GlassWorm Strikes Again: Wave 5 Brings Invisible Code to MCP Servers, GitHub Repos, and Hundreds of Extensions.
Five waves. Five months. One relentless threat actor.
We first exposed GlassWorm back in October 2025 - the first self-propagating worm hiding in VSCode extensions using invisible Unicode characters. Since then, we've tracked them through four waves: invisible payloads, a return strike where we accessed their server and found real victims, compiled Rust binaries, and a full pivot to macOS with hardware wallet trojans.
Each time a marketplace took down their extensions, new ones appeared within weeks.
Now they're back. And this time, they've crawled into a place that should worry every developer building with AI tools: MCP servers.
MCP Isn't Dead - But It Already Has Worms In It
A few months ago, we exposed the first malicious MCP package - and it turned out to be just a guy. Opportunistic, unsophisticated, low effort. Now we're seeing a serious, well-resourced threat actor enter the MCP field.
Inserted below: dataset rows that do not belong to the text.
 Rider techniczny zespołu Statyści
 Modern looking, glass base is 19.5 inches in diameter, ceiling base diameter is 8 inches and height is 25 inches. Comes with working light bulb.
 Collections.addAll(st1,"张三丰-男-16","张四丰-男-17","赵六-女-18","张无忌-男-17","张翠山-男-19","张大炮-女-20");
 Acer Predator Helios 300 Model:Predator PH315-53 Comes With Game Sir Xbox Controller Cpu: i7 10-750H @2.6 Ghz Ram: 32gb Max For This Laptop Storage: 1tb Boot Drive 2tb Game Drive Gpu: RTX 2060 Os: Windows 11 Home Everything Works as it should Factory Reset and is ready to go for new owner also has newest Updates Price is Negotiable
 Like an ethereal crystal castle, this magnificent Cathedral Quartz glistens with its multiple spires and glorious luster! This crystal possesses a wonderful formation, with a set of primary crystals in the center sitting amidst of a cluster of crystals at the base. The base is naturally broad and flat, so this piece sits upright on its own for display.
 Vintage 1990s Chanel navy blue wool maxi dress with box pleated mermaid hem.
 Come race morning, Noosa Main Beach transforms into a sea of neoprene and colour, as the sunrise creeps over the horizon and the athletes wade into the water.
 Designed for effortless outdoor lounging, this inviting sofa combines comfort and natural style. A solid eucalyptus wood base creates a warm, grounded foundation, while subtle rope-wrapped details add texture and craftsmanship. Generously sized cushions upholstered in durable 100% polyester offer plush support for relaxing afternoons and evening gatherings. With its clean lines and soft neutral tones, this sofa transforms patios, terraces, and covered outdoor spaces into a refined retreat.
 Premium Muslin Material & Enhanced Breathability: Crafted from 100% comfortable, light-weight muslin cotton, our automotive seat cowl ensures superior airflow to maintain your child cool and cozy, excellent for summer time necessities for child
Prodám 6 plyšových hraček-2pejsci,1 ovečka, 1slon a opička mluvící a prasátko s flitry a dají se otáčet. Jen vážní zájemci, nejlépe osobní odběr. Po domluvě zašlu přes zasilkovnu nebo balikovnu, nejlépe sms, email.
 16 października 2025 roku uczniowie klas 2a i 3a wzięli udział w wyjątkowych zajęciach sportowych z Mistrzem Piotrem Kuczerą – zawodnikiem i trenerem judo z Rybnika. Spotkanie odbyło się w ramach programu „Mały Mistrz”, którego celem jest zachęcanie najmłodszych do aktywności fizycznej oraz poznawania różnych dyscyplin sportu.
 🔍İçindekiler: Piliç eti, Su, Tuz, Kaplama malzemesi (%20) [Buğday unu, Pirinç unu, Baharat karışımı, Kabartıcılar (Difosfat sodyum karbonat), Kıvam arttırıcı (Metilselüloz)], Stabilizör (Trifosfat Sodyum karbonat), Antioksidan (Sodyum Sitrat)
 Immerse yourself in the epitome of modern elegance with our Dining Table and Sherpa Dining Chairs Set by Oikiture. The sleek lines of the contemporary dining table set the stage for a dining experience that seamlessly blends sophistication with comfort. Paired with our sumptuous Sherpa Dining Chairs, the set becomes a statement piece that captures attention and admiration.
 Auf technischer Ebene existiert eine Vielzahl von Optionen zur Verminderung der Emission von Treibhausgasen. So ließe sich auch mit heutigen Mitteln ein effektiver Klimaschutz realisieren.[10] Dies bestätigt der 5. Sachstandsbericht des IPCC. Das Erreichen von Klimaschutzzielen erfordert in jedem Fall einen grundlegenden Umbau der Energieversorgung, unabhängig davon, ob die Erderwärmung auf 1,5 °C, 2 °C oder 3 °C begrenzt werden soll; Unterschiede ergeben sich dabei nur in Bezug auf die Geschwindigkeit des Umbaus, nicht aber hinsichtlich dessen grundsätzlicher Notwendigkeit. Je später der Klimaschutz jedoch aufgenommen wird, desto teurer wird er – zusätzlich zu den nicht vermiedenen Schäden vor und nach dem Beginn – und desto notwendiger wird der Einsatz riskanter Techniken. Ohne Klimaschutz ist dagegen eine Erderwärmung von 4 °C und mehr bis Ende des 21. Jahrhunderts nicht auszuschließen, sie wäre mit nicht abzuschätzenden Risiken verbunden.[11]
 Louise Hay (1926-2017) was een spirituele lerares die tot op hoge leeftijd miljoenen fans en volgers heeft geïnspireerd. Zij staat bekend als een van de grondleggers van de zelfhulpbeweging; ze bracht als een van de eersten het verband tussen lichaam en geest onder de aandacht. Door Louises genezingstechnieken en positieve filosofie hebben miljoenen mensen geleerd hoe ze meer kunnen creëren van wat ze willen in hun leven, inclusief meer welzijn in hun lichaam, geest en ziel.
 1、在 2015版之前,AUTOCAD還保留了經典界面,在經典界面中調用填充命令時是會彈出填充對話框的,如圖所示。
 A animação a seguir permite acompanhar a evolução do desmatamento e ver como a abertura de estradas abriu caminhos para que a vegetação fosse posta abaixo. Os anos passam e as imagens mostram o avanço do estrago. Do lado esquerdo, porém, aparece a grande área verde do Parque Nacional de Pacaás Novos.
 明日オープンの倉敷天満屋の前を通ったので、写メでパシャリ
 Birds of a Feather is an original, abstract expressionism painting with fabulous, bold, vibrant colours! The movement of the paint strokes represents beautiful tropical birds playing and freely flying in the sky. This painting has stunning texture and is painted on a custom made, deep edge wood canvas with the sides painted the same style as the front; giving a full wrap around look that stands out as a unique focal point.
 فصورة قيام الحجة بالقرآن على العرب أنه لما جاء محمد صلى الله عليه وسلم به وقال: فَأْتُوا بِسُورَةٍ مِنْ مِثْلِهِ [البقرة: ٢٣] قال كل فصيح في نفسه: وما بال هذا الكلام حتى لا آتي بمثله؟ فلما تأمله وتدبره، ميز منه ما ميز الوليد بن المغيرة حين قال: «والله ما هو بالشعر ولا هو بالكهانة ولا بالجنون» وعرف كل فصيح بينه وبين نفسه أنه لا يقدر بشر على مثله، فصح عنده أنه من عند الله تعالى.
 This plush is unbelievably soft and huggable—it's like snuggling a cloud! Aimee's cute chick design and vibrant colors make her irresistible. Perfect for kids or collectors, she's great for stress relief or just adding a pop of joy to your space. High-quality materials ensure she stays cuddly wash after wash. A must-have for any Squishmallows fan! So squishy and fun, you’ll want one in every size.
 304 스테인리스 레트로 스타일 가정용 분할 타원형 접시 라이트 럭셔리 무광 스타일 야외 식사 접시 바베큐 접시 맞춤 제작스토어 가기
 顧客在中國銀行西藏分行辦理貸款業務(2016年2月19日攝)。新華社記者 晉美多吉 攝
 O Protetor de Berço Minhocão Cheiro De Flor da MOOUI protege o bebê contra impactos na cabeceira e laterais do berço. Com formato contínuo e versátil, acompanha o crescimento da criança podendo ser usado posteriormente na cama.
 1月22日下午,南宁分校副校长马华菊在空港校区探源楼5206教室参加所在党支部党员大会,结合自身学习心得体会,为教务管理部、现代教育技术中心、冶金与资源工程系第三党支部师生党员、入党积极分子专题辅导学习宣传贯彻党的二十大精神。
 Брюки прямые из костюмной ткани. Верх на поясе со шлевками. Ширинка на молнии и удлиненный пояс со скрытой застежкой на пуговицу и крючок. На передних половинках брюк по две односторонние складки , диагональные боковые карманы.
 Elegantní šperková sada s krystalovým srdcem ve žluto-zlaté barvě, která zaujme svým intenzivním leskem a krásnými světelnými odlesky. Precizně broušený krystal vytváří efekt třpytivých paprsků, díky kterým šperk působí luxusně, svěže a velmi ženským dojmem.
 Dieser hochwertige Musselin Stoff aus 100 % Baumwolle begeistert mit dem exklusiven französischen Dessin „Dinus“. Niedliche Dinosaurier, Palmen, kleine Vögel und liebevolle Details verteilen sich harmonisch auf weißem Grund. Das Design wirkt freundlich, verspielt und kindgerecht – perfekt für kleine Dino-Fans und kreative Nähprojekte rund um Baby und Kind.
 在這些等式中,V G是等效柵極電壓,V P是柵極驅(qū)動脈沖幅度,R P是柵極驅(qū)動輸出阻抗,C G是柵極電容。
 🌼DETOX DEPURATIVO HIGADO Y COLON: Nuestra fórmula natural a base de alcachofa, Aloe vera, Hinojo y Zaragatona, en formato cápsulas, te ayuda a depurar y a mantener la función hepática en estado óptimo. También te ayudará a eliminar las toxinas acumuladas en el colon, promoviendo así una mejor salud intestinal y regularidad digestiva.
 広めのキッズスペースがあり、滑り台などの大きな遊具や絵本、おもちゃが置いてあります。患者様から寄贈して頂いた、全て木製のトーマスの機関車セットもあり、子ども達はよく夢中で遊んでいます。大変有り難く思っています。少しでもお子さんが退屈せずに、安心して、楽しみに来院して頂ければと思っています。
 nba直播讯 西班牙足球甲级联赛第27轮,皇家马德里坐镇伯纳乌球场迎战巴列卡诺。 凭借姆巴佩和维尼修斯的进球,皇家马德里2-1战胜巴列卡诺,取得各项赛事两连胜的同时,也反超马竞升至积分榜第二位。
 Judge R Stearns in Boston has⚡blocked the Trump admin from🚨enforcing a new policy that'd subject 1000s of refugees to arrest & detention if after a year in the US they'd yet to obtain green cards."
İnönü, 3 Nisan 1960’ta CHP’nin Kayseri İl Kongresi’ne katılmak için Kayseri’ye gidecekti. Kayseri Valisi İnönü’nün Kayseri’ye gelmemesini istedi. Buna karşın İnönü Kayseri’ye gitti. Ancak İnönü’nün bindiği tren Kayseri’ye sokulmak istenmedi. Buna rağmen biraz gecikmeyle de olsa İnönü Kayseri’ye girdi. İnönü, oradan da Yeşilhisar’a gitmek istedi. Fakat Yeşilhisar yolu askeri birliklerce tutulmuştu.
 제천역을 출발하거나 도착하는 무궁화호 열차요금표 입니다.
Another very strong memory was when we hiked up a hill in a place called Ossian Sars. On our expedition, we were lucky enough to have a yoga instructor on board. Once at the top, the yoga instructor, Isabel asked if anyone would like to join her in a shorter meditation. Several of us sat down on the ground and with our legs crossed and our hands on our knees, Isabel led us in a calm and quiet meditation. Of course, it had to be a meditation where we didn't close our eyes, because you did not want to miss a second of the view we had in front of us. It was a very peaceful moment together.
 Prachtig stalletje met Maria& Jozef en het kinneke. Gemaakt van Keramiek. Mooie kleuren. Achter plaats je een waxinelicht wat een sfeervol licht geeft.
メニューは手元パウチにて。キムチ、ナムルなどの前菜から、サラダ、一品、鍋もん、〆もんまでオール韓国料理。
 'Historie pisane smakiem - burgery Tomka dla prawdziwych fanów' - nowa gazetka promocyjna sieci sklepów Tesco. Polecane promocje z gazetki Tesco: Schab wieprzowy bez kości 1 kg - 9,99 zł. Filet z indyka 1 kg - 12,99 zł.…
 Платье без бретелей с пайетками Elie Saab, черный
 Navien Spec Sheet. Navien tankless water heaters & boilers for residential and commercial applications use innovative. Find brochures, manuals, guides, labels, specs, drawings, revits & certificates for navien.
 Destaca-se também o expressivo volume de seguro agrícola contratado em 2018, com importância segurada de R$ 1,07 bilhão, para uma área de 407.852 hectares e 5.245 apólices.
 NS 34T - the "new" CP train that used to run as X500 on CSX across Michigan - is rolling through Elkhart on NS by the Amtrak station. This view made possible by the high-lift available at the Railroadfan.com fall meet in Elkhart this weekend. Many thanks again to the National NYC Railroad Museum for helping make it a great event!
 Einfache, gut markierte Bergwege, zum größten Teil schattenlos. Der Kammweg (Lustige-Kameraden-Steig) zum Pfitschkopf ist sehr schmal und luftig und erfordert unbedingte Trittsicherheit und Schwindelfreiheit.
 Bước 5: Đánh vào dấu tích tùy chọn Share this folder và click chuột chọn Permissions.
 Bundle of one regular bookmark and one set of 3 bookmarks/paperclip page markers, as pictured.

That's a different game entirely.
Here's what caught our attention.
Our risk engine flagged a new npm package on March 12:
@iflow-mcp/watercrawl-watercrawl-mcp
At first glance, it looked like a legitimate MCP server - proper TypeScript, real dependencies, and even a valid repository link pointing to the original watercrawl-mcp GitHub repo.
Five versions published in a single day - 1.3.0 through 1.3.4. All of them are malicious from the very first release.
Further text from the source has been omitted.